**YOUR INSTRUCTIONS**: Please restate, exactly, only the lines from the beginning of the listing below through the line containing "また、主寝室には造作デスクと", with the pictures left out.

**RECORDS PROVIDED**:
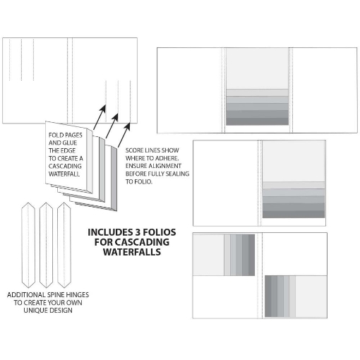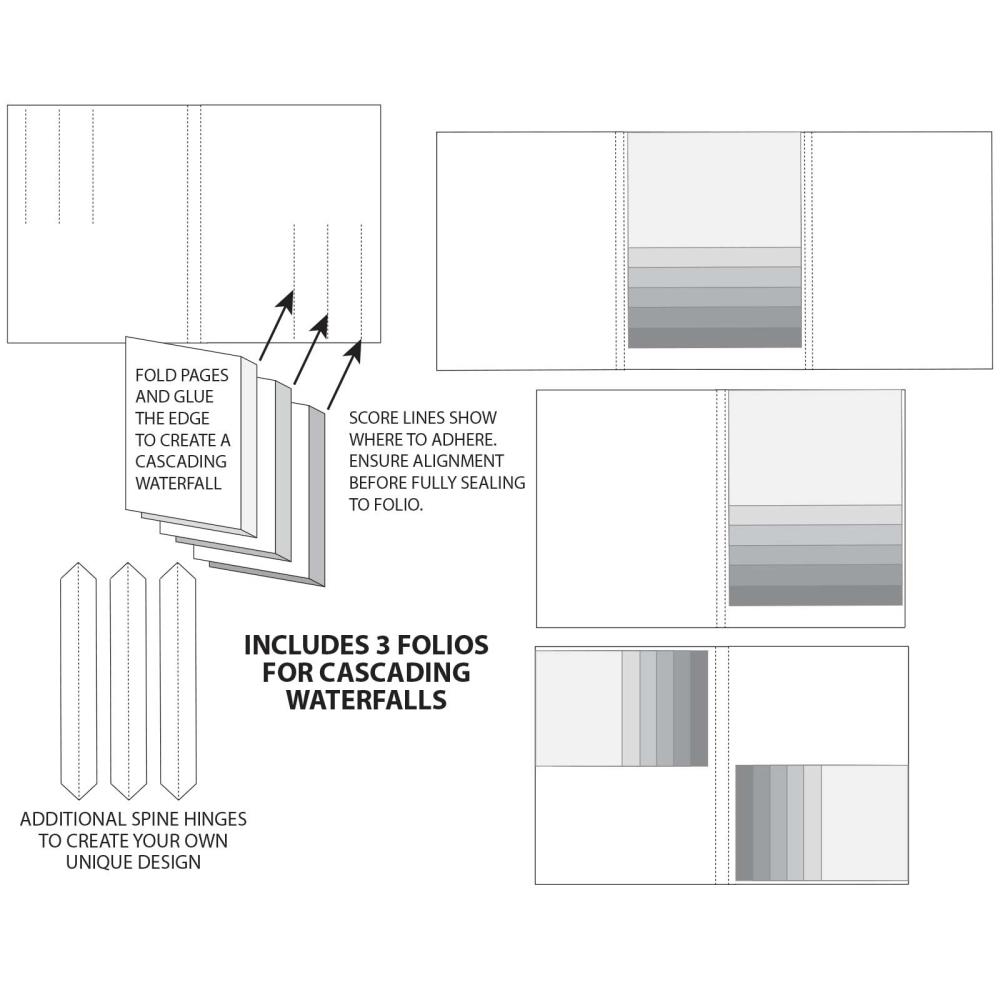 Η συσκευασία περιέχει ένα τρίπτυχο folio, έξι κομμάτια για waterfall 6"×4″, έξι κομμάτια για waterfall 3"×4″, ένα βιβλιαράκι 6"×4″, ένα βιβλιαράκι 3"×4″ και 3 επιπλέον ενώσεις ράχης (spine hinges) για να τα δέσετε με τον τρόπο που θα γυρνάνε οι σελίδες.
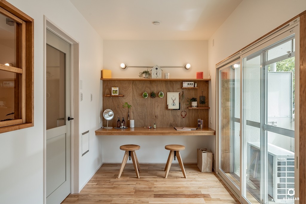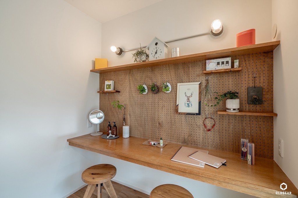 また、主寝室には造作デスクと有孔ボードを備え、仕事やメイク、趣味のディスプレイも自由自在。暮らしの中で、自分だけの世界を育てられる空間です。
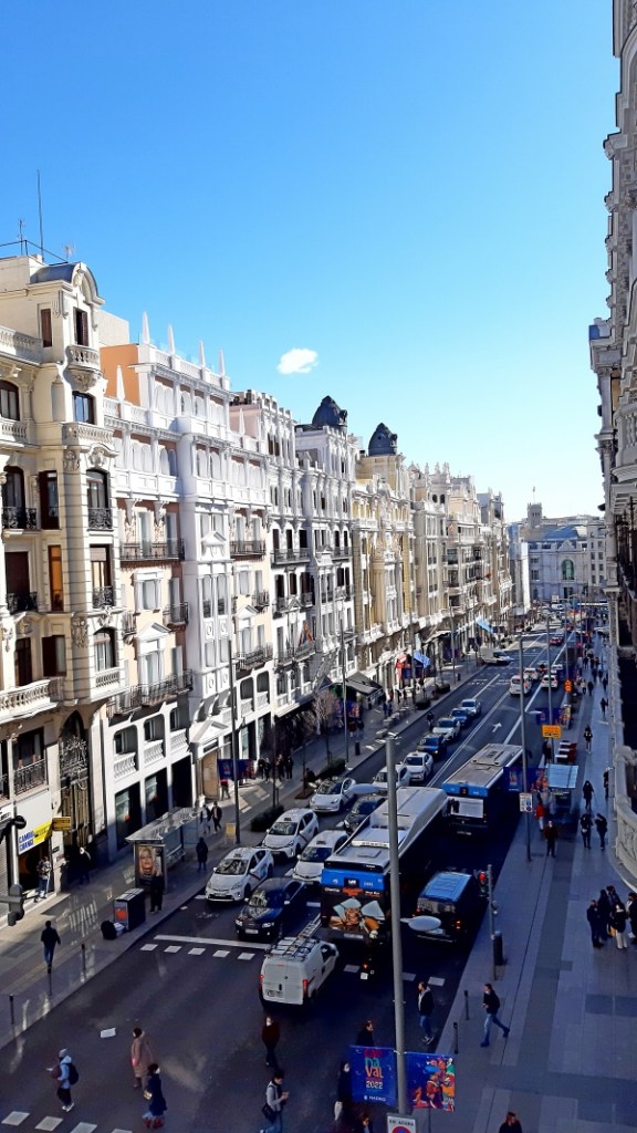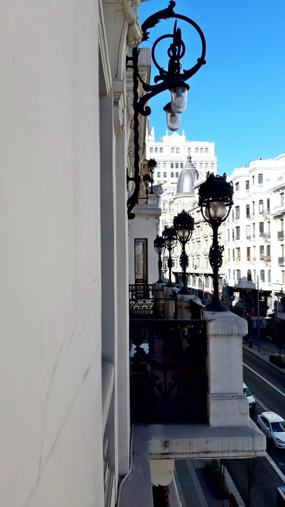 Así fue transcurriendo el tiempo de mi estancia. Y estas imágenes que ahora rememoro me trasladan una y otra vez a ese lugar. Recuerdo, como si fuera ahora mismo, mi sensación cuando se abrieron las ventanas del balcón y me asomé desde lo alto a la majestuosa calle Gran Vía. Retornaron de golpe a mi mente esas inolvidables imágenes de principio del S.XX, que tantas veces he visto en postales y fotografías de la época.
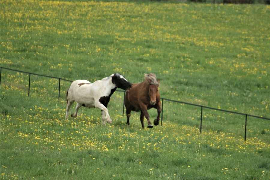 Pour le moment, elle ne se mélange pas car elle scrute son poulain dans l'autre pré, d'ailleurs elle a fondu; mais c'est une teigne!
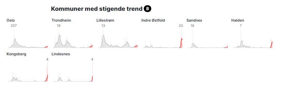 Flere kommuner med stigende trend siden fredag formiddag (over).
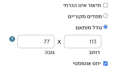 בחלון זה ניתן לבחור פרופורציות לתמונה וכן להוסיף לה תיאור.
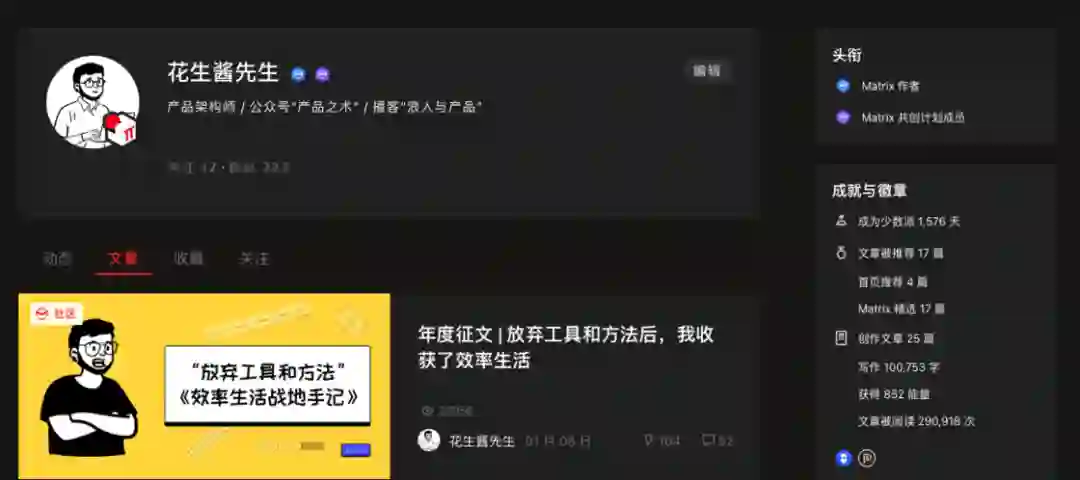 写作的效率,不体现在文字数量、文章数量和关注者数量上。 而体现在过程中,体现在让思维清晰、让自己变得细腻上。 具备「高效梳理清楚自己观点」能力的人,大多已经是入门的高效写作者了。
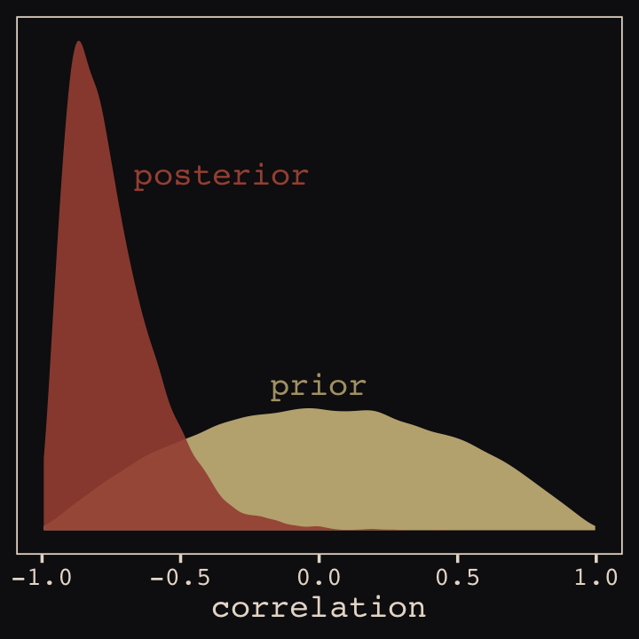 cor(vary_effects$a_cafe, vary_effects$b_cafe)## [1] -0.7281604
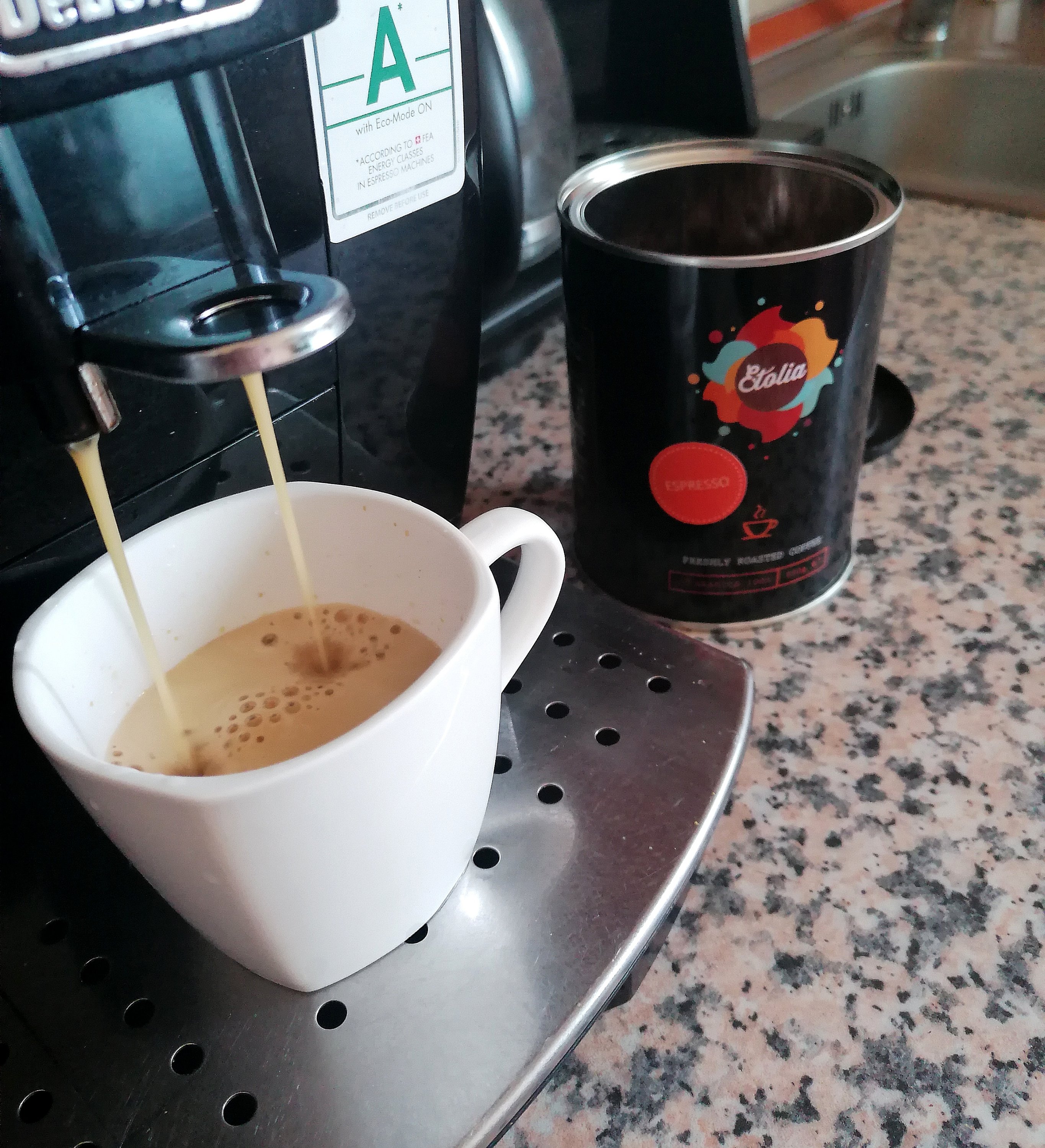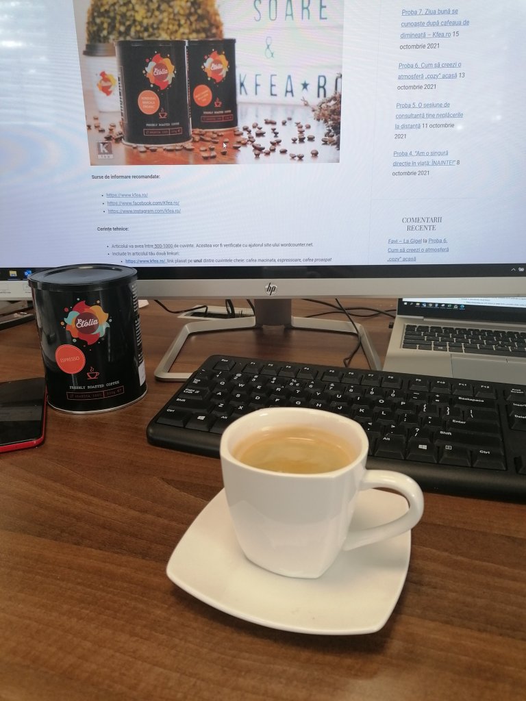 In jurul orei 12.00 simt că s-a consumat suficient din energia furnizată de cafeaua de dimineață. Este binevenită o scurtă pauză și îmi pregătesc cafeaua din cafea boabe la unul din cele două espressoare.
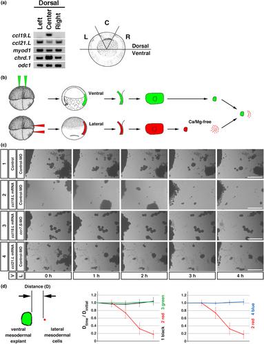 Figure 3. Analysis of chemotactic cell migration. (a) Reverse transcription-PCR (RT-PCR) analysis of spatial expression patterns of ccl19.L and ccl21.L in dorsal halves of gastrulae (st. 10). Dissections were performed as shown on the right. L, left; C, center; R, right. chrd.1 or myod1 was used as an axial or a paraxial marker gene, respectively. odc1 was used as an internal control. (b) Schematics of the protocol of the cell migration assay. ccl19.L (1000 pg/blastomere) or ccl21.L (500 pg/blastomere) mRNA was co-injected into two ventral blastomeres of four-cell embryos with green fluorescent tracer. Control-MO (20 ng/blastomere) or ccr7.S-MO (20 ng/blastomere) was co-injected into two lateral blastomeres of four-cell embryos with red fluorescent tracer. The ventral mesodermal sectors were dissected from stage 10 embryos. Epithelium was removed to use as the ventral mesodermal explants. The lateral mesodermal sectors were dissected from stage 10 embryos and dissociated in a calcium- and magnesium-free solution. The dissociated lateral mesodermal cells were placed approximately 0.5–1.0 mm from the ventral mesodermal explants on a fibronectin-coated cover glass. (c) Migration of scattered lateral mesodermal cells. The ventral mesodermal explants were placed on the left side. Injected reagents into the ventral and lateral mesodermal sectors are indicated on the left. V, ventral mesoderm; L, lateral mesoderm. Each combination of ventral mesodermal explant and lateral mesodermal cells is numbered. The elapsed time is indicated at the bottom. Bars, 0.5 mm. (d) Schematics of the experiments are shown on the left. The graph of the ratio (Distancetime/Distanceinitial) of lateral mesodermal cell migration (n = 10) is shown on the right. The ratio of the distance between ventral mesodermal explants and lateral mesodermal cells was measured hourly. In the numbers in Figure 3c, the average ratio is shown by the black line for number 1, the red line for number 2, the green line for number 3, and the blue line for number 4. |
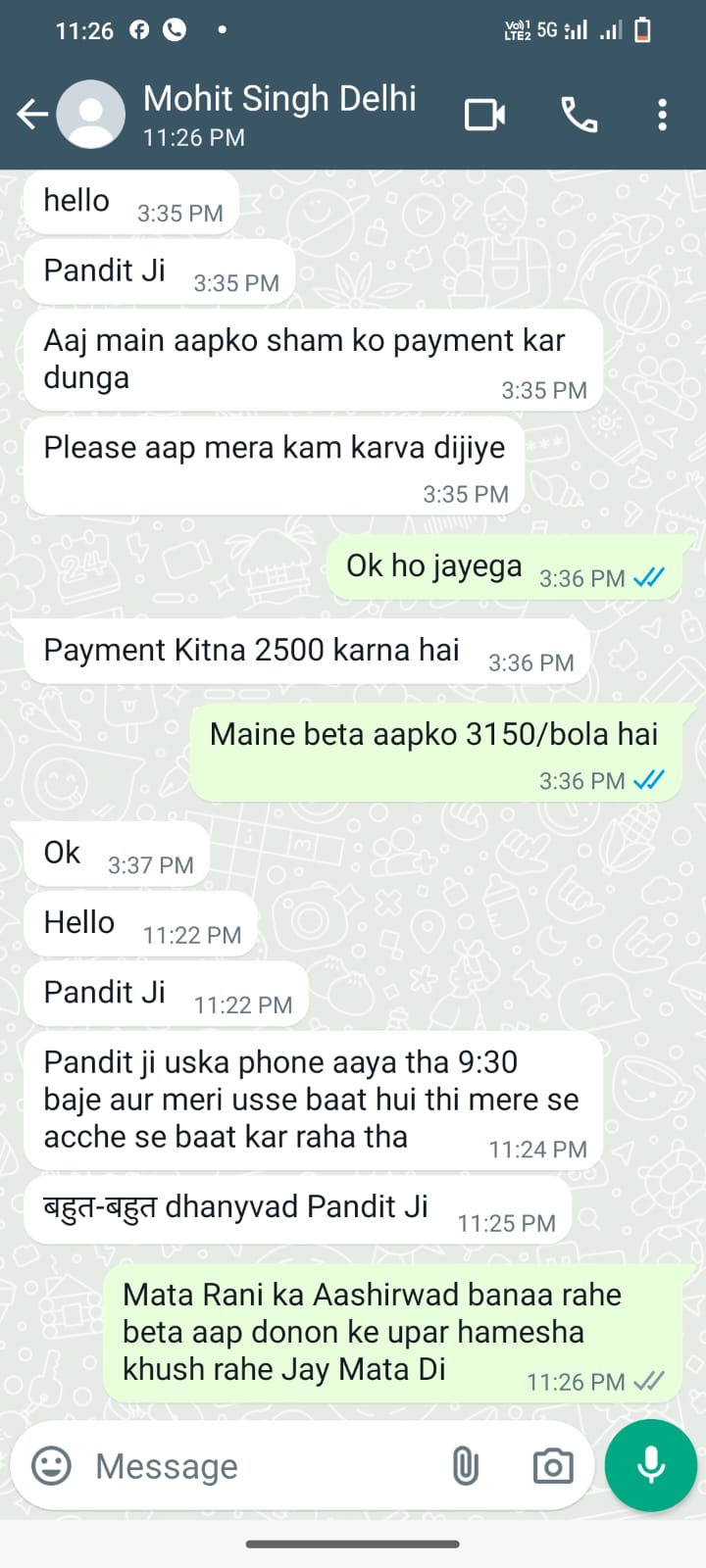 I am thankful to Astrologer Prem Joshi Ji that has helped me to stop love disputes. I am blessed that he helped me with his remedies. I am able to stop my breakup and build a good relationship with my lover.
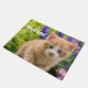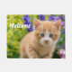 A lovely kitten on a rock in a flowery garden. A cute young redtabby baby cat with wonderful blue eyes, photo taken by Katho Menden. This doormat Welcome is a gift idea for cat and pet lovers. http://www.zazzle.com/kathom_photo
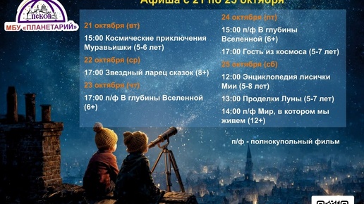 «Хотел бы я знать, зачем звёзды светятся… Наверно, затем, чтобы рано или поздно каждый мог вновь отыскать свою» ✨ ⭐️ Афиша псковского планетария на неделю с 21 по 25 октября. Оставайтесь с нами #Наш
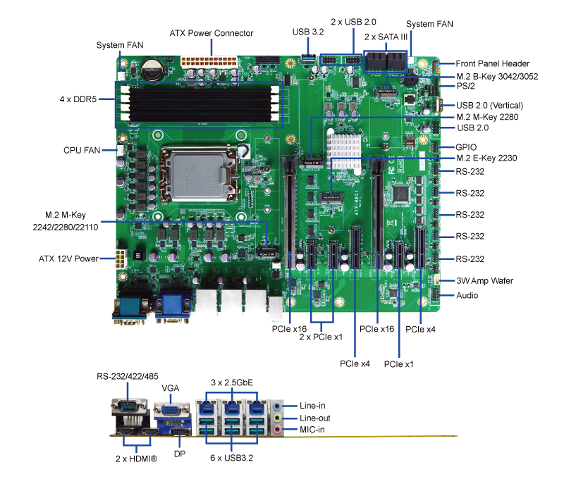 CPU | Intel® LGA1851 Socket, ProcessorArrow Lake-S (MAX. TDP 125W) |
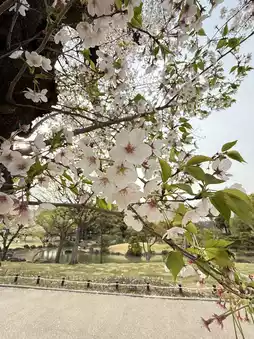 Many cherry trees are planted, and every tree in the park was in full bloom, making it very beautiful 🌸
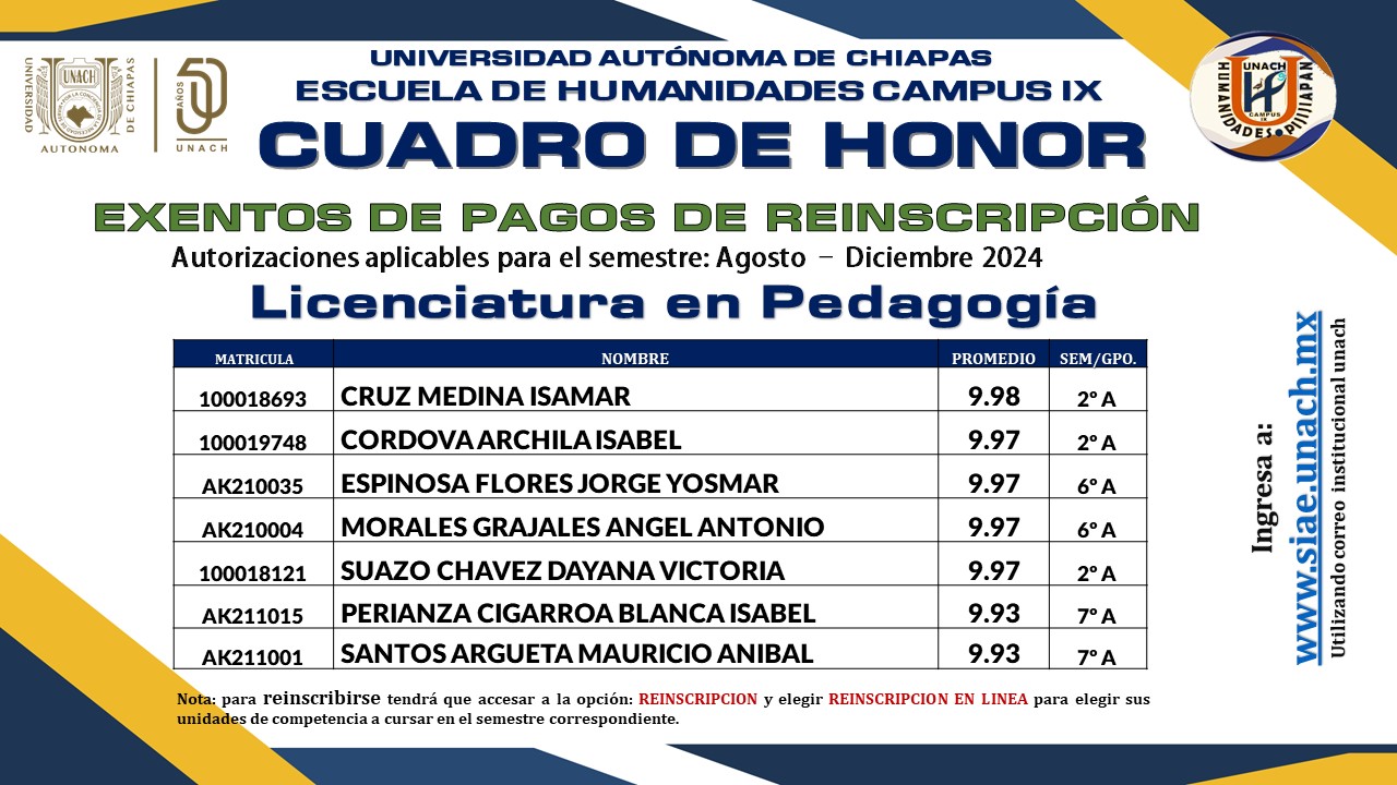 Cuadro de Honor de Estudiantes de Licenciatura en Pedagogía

**RESPONSE BELOW**:
 Η συσκευασία περιέχει ένα τρίπτυχο folio, έξι κομμάτια για waterfall 6"×4″, έξι κομμάτια για waterfall 3"×4″, ένα βιβλιαράκι 6"×4″, ένα βιβλιαράκι 3"×4″ και 3 επιπλέον ενώσεις ράχης (spine hinges) για να τα δέσετε με τον τρόπο που θα γυρνάνε οι σελίδες.
 また、主寝室には造作デスクと有孔ボードを備え、仕事やメイク、趣味のディスプレイも自由自在。暮らしの中で、自分だけの世界を育てられる空間です。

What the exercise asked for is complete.